Exercise description =
Reproduce all of the data exactly. Images are not to appear in the reply.

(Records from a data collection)
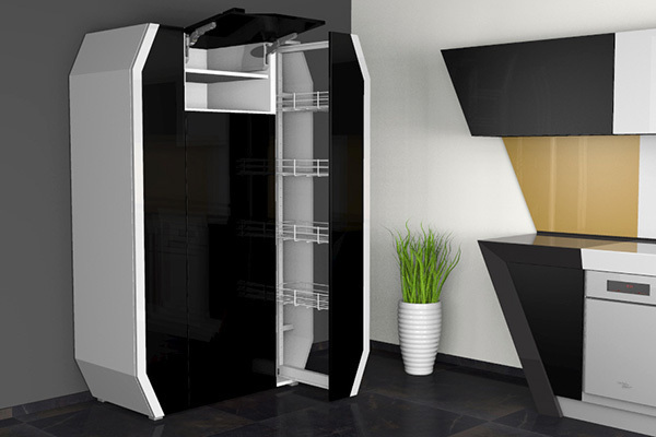 Otáčecí bar v zásadě umožňuje větší pohyblivost kuchyně a více prostoru v době, kdy kuchyň není využívaná. Kuchyňská dvířka jsou vyrobena z lakovaného MDF a pracovní deska z LG Hi-Mac akrylového smíšeného materiálu.
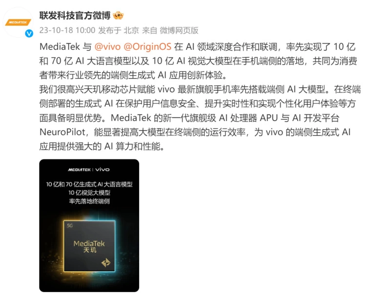 行业第一!70亿AI大模型首次落地手机,联发科vivo在端侧生成式AI技术上遥遥领先
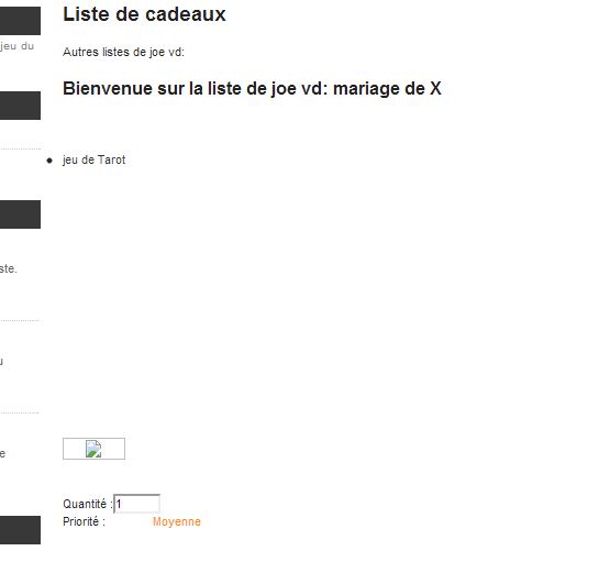 promantis Posted February 1, 2013 Share Posted February 1, 2013 Bonjour, Petit problème d'affichage des images avec le bloc liste de cadeaux (wishlist) Version PrestaShop 1.5.3 version bloc liste cadeaux : 0.2 Le client fait sa liste, la liste est envoyée à ses invités, le lien dans le mail invité donne accès à la liste créée par le client. l'invité arrivant dans la liste n'a que les titres, les photos ne s'affichent pas !! Voir capture. Quelqu'un a une idée du problème et la solution à apporter ? Merci Link to comment Share on other sites More sharing options...
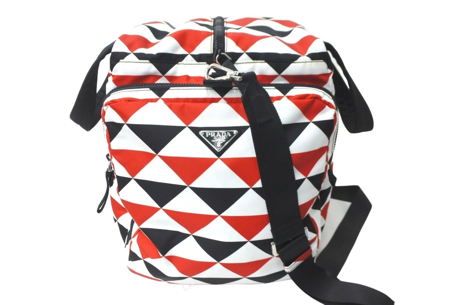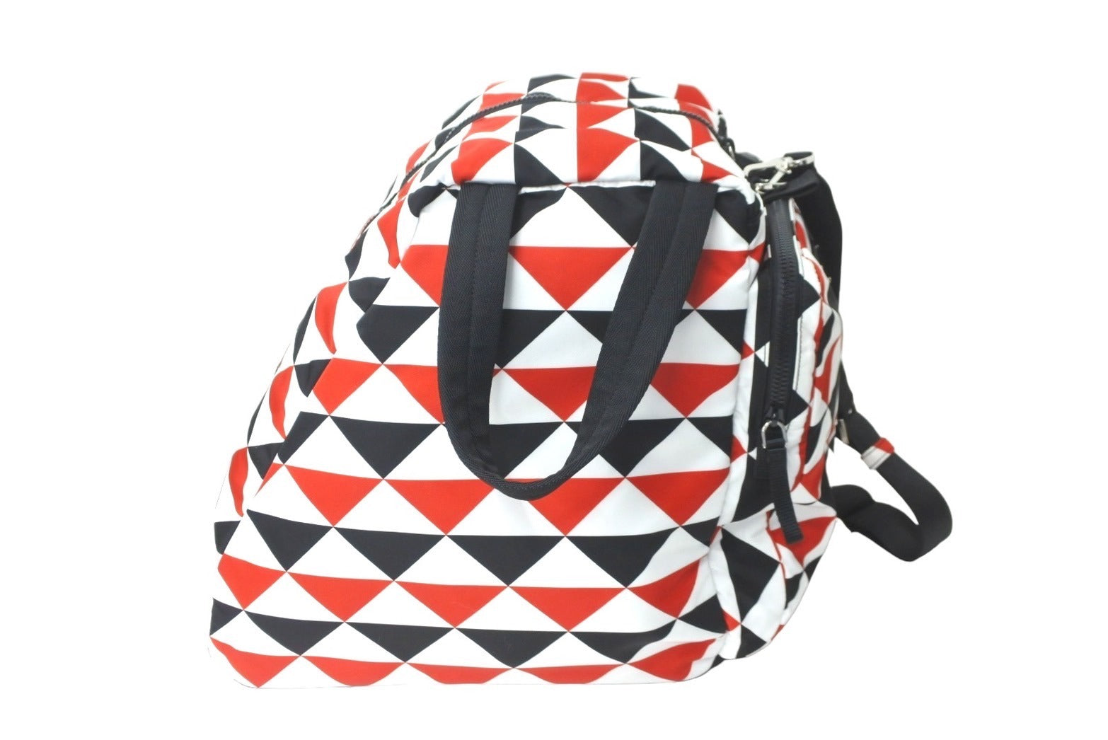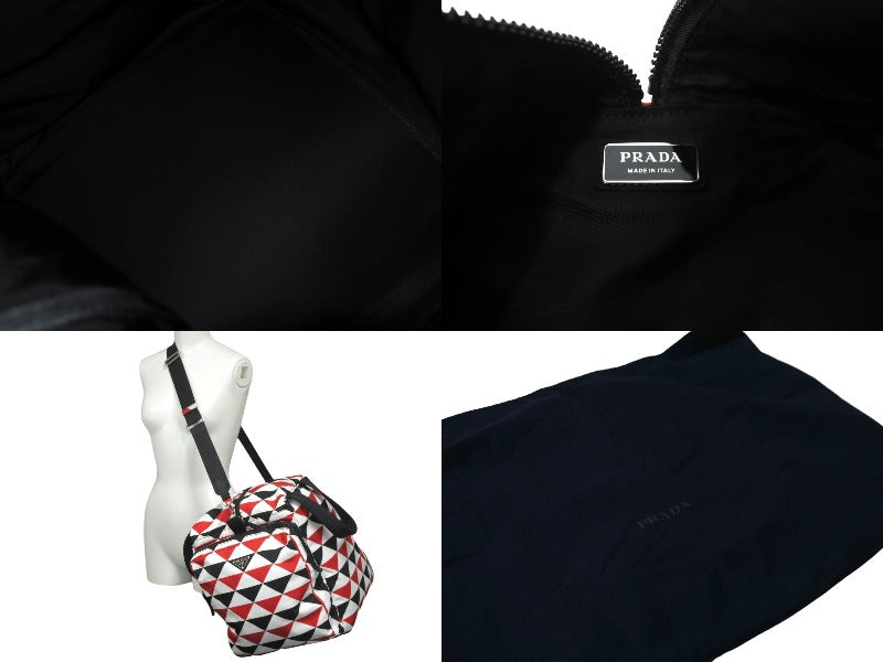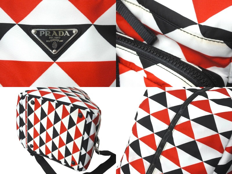 PRADA プラダショルダーバッグ トライアングル総柄 トライアングルロゴ ブラック レッド ホワイト シルバー金具 美品 中古 59559
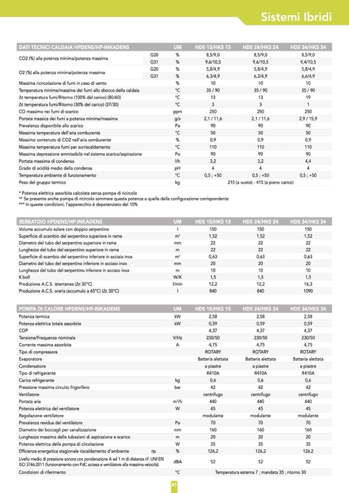 DATI TECNICI CALDAIA HPDENS/HP-INKADENS
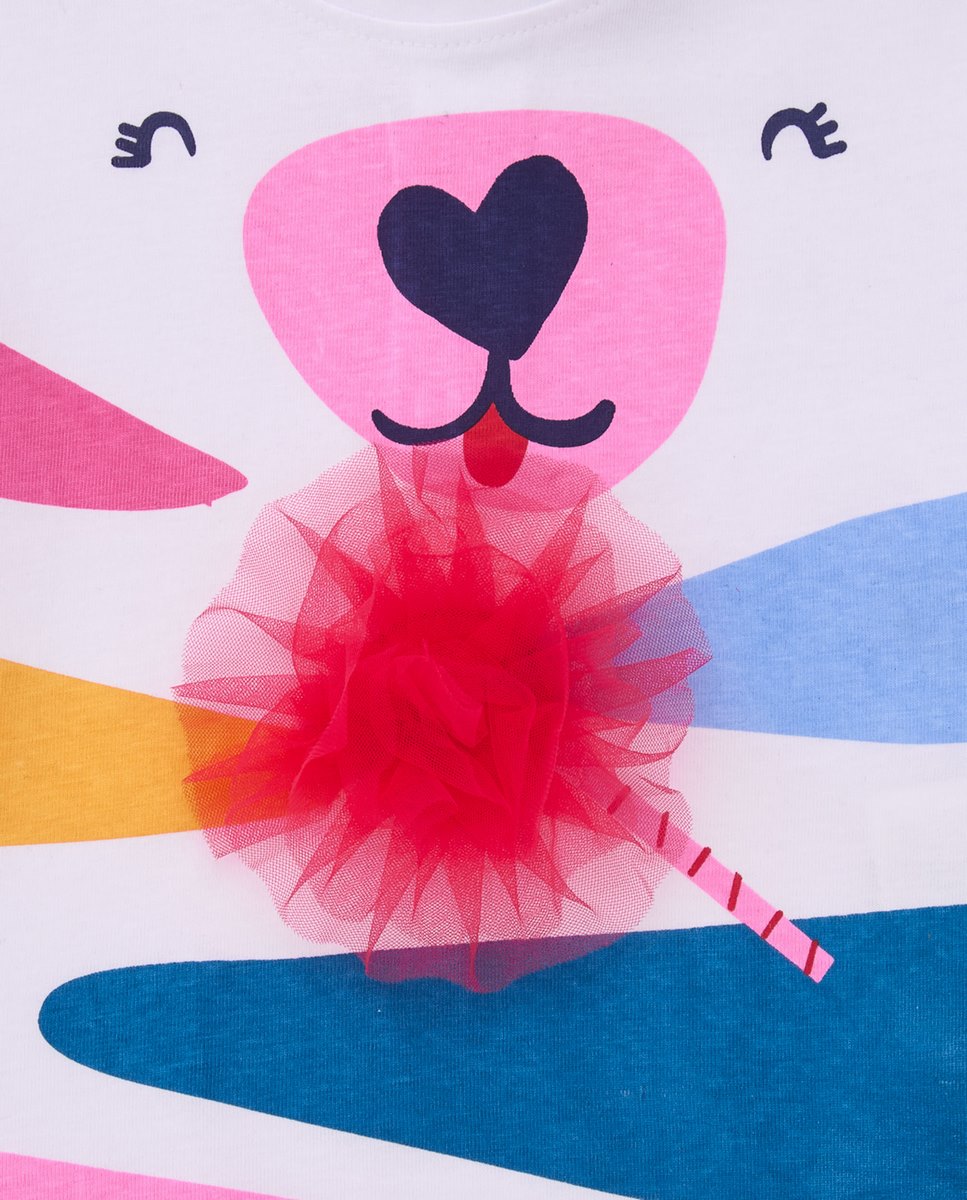 -Διαθέτει χαριτωμένο πολύχρωμο τύπωμα με πρόσωπο ζώου, τρισδιάστατο φουντωτό φούντα από κόκκινο τούλι και ανασηκωμένα αυτιά στους ώμους.

Answer box =
 Otáčecí bar v zásadě umožňuje větší pohyblivost kuchyně a více prostoru v době, kdy kuchyň není využívaná. Kuchyňská dvířka jsou vyrobena z lakovaného MDF a pracovní deska z LG Hi-Mac akrylového smíšeného materiálu.
 行业第一!70亿AI大模型首次落地手机,联发科vivo在端侧生成式AI技术上遥遥领先
 promantis Posted February 1, 2013 Share Posted February 1, 2013 Bonjour, Petit problème d'affichage des images avec le bloc liste de cadeaux (wishlist) Version PrestaShop 1.5.3 version bloc liste cadeaux : 0.2 Le client fait sa liste, la liste est envoyée à ses invités, le lien dans le mail invité donne accès à la liste créée par le client. l'invité arrivant dans la liste n'a que les titres, les photos ne s'affichent pas !! Voir capture. Quelqu'un a une idée du problème et la solution à apporter ? Merci Link to comment Share on other sites More sharing options...
 PRADA プラダショルダーバッグ トライアングル総柄 トライアングルロゴ ブラック レッド ホワイト シルバー金具 美品 中古 59559
 DATI TECNICI CALDAIA HPDENS/HP-INKADENS
 -Διαθέτει χαριτωμένο πολύχρωμο τύπωμα με πρόσωπο ζώου, τρισδιάστατο φουντωτό φούντα από κόκκινο τούλι και ανασηκωμένα αυτιά στους ώμους.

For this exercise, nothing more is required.